Opinion
December 22, 1969
Irving G. Schleimer for plaintiff.
Virtually all orders presented at Special Term, Part II, are signed without comment. When one is refused, as occasionally happens, its draftsman may find it embellished with a brief endorsement by the Judge explaining its rejection. The order now before me, however, requires something more than silence or marginal notation, for it opens up grave issues concerning the administration of justice in this court.
Plaintiff is the holder of an automobile installment sales contract executed by the defendant. The amount of the contract is $2,320.56. After paying about $500, defendant defaulted, whereupon, in June, 1969, plaintiff's attorney commenced an action for the total balance due. On June 26, 1969, a professional process server signed an affidavit reciting two unsuccessful attempts to serve defendant personally and the usual consequent substituted service by mail and by affixing a copy of the papers to the door of defendant's residence.
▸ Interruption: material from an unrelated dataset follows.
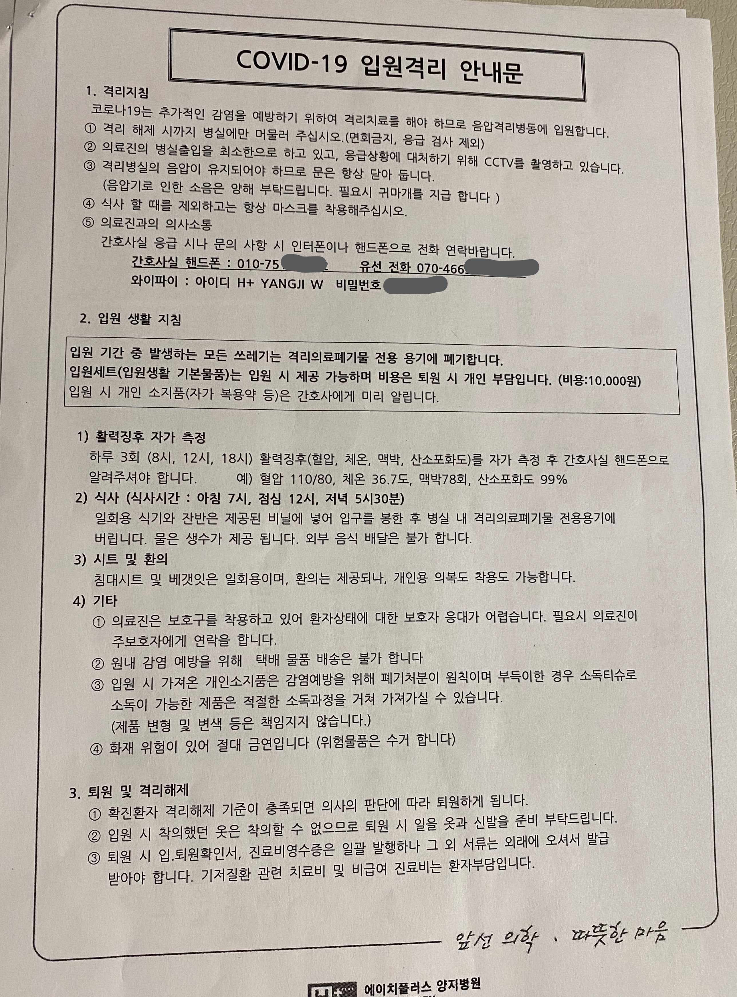 ※ 본 포스팅은 코로나19 바이러스 확진(양성)으로 인한 신림 에이치플러스 양지병원 입원생활에 대한 글입니다.

Defendant did not appear or answer. Plaintiff's attorney then applied to the Clerk for judgment by default. The papers submitted in support of the application included an affidavit by the same process server, dated July 31, 1969, stating that, on July 28, 1969, the process server "had a conversation with Robert E. Knox, defendant in the above entitled action. In response to my questions, he told me that said defendant was not in the military service of the United States". Proof that a defendant is not in military service is of course mandated by Federal and State law (Soldiers' and Sailors' Civil Relief Act of 1940, as amd. [U.S. Code, tit. 50, Appendix, § 510] and New York Soldiers' and Sailors' Civil Relief Act of 1951 [Military Law, art. XIII], respectively) before a default judgment may be entered. On the strength of the process server's affidavit, on December 12, 1969, the Clerk entered the default judgment.
When he notified his client of what had happened, plaintiff's attorney was told by the client that in fact Robert E. Knox is in military service.
Forthwith the attorney submitted an order directing that the default judgment be vacated. That is the order now before me, and I have this day signed it.
The conduct of plaintiff's attorney is beyond reproach. The same cannot be said of the process server, whose affidavit recites a patently false conversation with the defendant.
It is common knowledge, and has been for at least a year, that some process servers engaged by attorneys to serve papers in connection with cases pending in this court have habitually submitted perjurious affidavits of service. (An affidavit of nonmilitary service is simply a species of affidavit of service.) This is more than a problem. It is a scandal. So far as I know, the only response has come from the United States Attorney for the Southern District of New York, who has prosecuted several process servers on the theory that by committing "sewerservice" they have violated the civil rights of the defendants upon whom they were hired to serve papers (e.g., United States v. Wiseman, S.D.N.Y., 1969). While I applaud these efforts, I wonder whether this court really can do nothing but look to the Federal Government for assistance in cleansing its processes of so deadly a poison as perjury. In my judgment, the filing of a false affidavit of service is not only an offense prosecutable under Federal and State penal laws. It may also constitute contempt of court, be it criminal (Judiciary Law, § 750; People v. Shapolsky, 8 A.D.2d 122, 127 [1st Dept., 1959]), or civil (Judiciary Law, § 753, subd. A, par. 1).
I have not instituted contempt proceedings in this case because the process server has no prior notice that I would do so — not that I think one need be warned in advance that a willful obstruction of justice by perjury carries a sanction — and I prefer to err on the side of leniency. After publication of this memorandum, there will be no room for indulgence. Should an apparently false affidavit of service henceforward come to my attention, I shall direct the affiant to show cause why he should not be held in contempt. And if he is, I shall be severe in assessing the consequences.